FIG. 9 is a diagram showing an example of the configuration of the equalization circuit 51 of FIG. The equalization circuit of FIG. 6 includes band-pass filters 110 and 111, variable gain amplifiers 112 and 113, a buffer 114, and an adder circuit 115. A reception signal is applied to the input terminal Vin. Bandpass filter 110 extracts the frequency component near frequency f _N. The band pass filter 111 extracts frequency components in the vicinity of the frequency f _N / 2. The variable gain amplifier 112, a frequency component near frequency f _N extracted by the bandpass filter 110, amplified at the amplification factor adaptive equalization control circuit 60 in accordance with the equalization coefficient C1 to output. The variable gain amplifier 113 amplifies the frequency component in the vicinity of the frequency f _N / 2 extracted by the bandpass filter 111 at an amplification factor according to the equalization coefficient C2 output from the adaptive equalization control circuit 60. The buffer 114 outputs the received signal directly supplied from the input terminal Vin without passing through the band pass filter with the gain as it is. The adder circuit 115 adds the output signals of the variable gain amplifiers 112 and 113 and the buffer 114 to obtain a sum, and outputs the obtained sum signal to the output terminal Vout.

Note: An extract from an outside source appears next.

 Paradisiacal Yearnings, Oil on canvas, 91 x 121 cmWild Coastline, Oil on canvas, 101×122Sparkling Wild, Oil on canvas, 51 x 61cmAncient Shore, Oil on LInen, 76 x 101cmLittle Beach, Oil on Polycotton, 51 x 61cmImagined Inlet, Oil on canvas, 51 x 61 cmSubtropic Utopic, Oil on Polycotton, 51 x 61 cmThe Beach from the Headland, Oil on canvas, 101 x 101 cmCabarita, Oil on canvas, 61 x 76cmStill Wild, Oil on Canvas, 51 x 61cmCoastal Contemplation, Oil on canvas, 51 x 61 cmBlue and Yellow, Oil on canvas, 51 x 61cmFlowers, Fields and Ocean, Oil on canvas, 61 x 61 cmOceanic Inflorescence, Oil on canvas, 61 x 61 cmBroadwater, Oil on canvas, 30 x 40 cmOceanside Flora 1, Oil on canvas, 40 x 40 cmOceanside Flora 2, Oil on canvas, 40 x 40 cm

FIG. 10 is a diagram illustrating an example of the configuration of the bandpass filter illustrated in FIG. 9. Each of the bandpass filters 110 and 111 shown in FIG. 9 may have the configuration shown in FIG. The band pass filter of FIG. 10 includes parallel circuits 121 and 122, NMOS transistors 123 to 126, and a capacitor 127. Each of the parallel circuits 121 and 122 includes an inductor element, a resistor element, a capacitor element, and a variable capacitor element connected in parallel, and adjusts the band pass band by controlling the capacitance value of the variable capacitor element. be able to. Differential input voltages V _{in +} and V _in− are input to the gate ends of the NMOS transistors 123 and 125. Differential output voltages V _{out +} and V _out− are output from the drain ends of the NMOS transistors 125 and 123.

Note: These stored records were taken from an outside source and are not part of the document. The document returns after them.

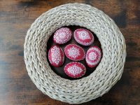 Alena Mrázková zdobí velikonoční vajíčka voskem a ovládá také techniku madeirování, při které se do skořápek vrtají jemné vzory dírek. Tak vznikají malá umělecká díla. K vajíčkům se skvěle hodí také košíčky a misky, které vyrábí Lucie Kiliánová z novinového papíru. Hotové výrobky jsou buď barvené nebo lakované bezbarvým lakem a jsou díky tomu i voděodolné.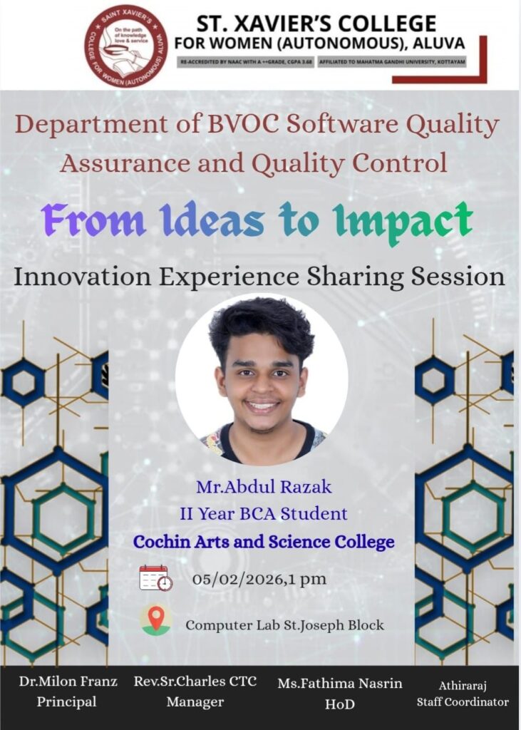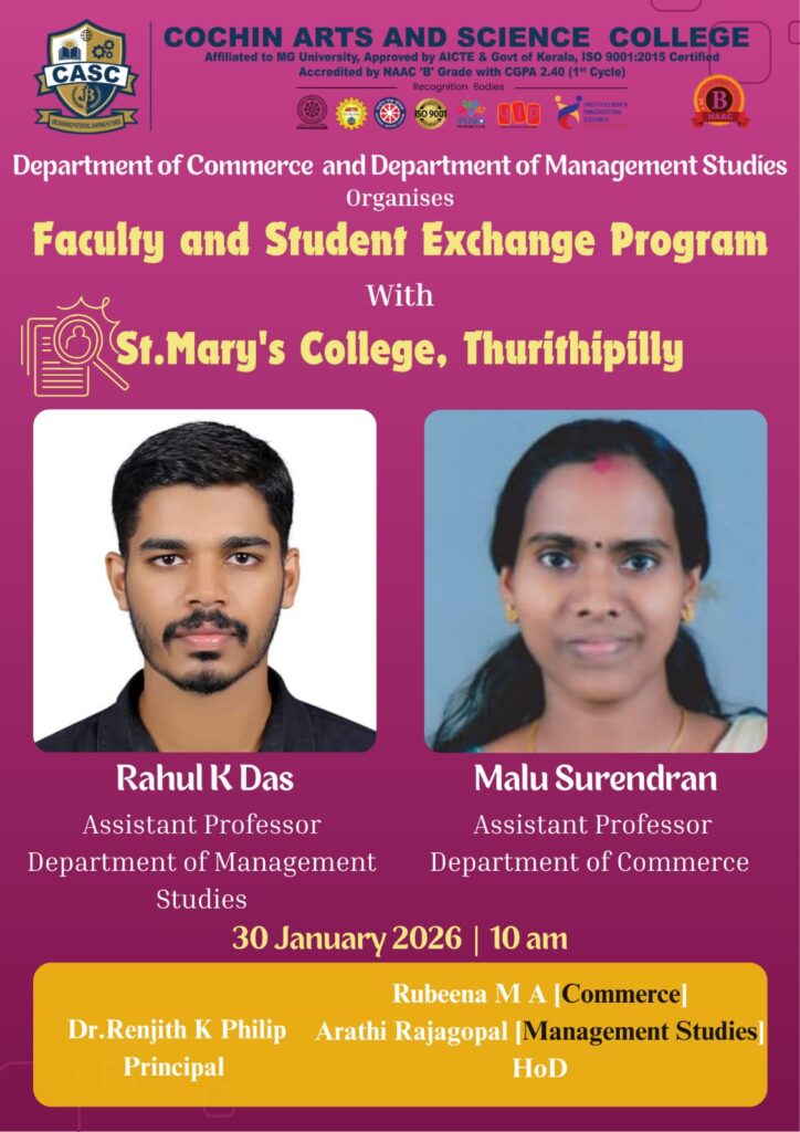 The Department of Commerce organized an internship programme for S6 students at Invisor Consulting Services Pvt. Ltd., Infopark, Kakkanad, on 09 January 2026, from 10:00 AM to 1:30 PM. The programme was designed to bridge the gap between academic learning and industry practice by exposing students to real-world corporate and consulting environments.The interaction with industry […]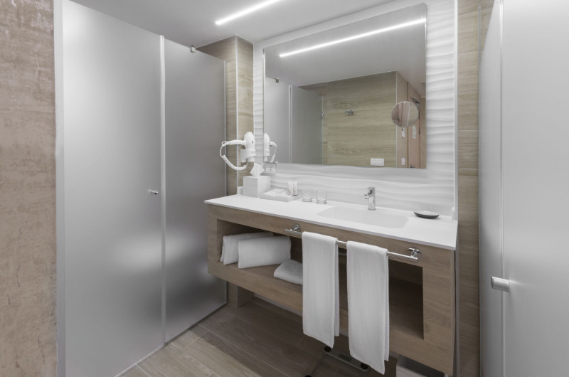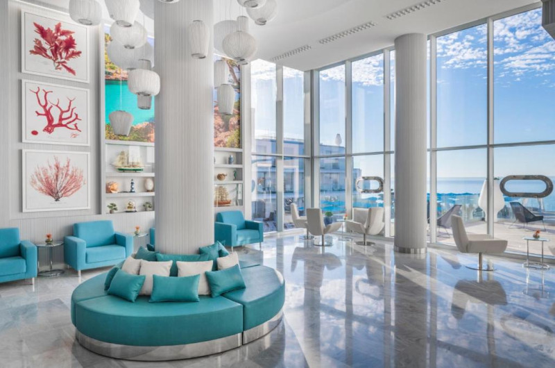 În camere există un aparat de aer condiționat și un sistem de încălzire. În majoritatea spațiilor de cazare clienții beneficiază de vedere spre mare de pe balcon sau de pe terasă. Camerele au o canapea. Sunt disponibile dormitoare separate. În plus, pentru cei mici sunt disponibile paturi pentru copii. De asemenea, sunt disponibile un seif, un minibar și un birou. În chicinetă se află un frigider, un minifrigider și un aparat pentru cafea/ceai. În plus, există un telefon cu apelare directă, un televizor cu canale prin satelit/cablu TV și WiFi (contra cost). În cameră se găsesc și papuci de casă. În băi există un duș. Un uscător de păr, o oglindă de machiaj și halate de baie sunt disponibile pentru folosința zilnică. Hotelul oferă camere de familie și camere de nefumători.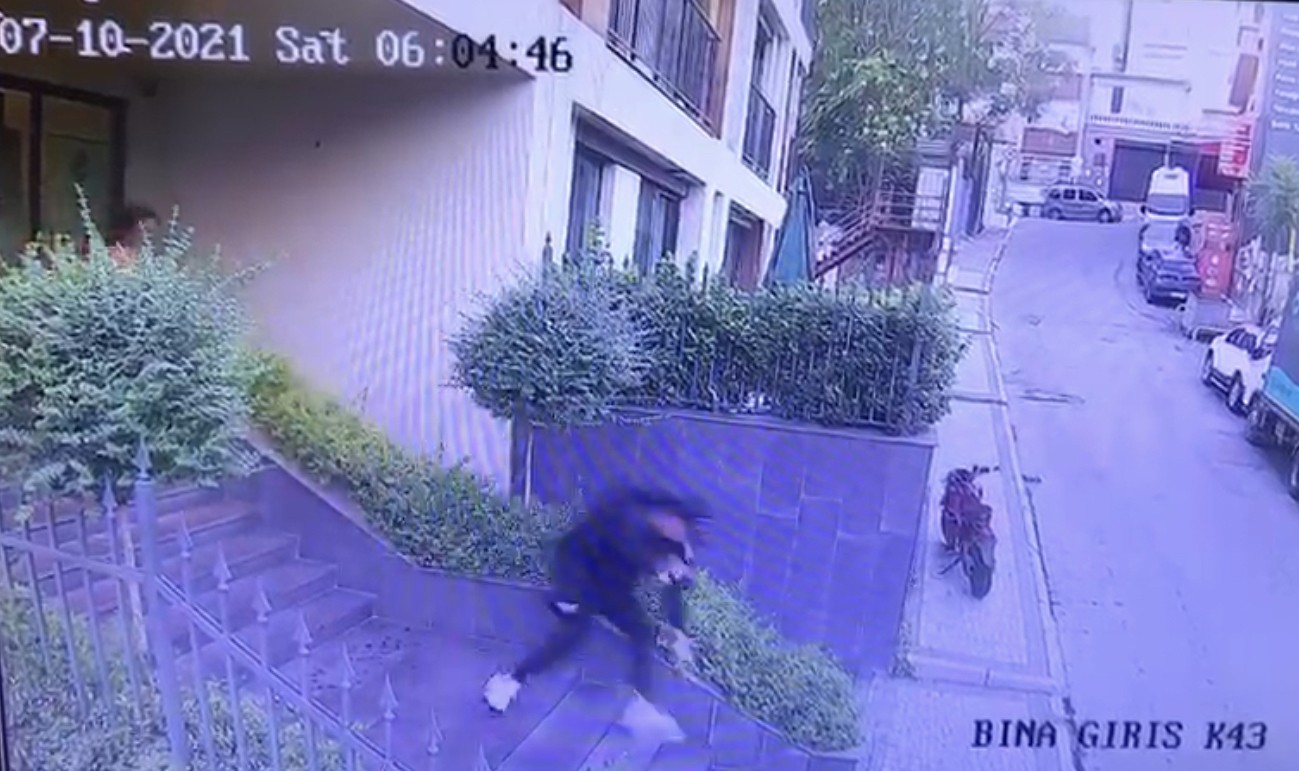 Kadından kaçmaya çalışan Al Fehaid Saad M., dengesini kaybederek otel önündeki merdivenlerden aşağıya yuvarlanarak yaralandı. Al Fehaid Saad M. yere düşerek elini başının altına koyup beklemeye başlarken, genç kadın ise yerden aldığı çantasıyla ve tekmelerle şahsa saldırdı.

FIG. 11 is a diagram illustrating an example of the configuration of the variable gain amplifier illustrated in FIG. 9. Each of variable gain amplifiers 112 and 113 shown in FIG. 9 may have the configuration shown in FIG. The variable gain amplifier shown in FIG. 11 includes resistance elements 131 and 132, NMOS transistors 133 to 136, NMOS transistors 137-1 to 137-8, resistance elements 138-1 to 138-8, and resistance elements 139-1 to 139-. 8 is included. Differential input voltages V _{in +} and V _in− are input to the gate terminals of the NMOS transistors 133 and 134. Differential output voltages V _{out +} and V _out− are output from the drain ends of the NMOS transistors 134 and 133. In this example, the amplifier amplifies with a gain according to the equalization coefficient C1, and the gates of the NMOS transistors 137-1 to 137-8 are connected to signals C1 <0> to C1 <according to the equalization coefficient C1. 7> is applied.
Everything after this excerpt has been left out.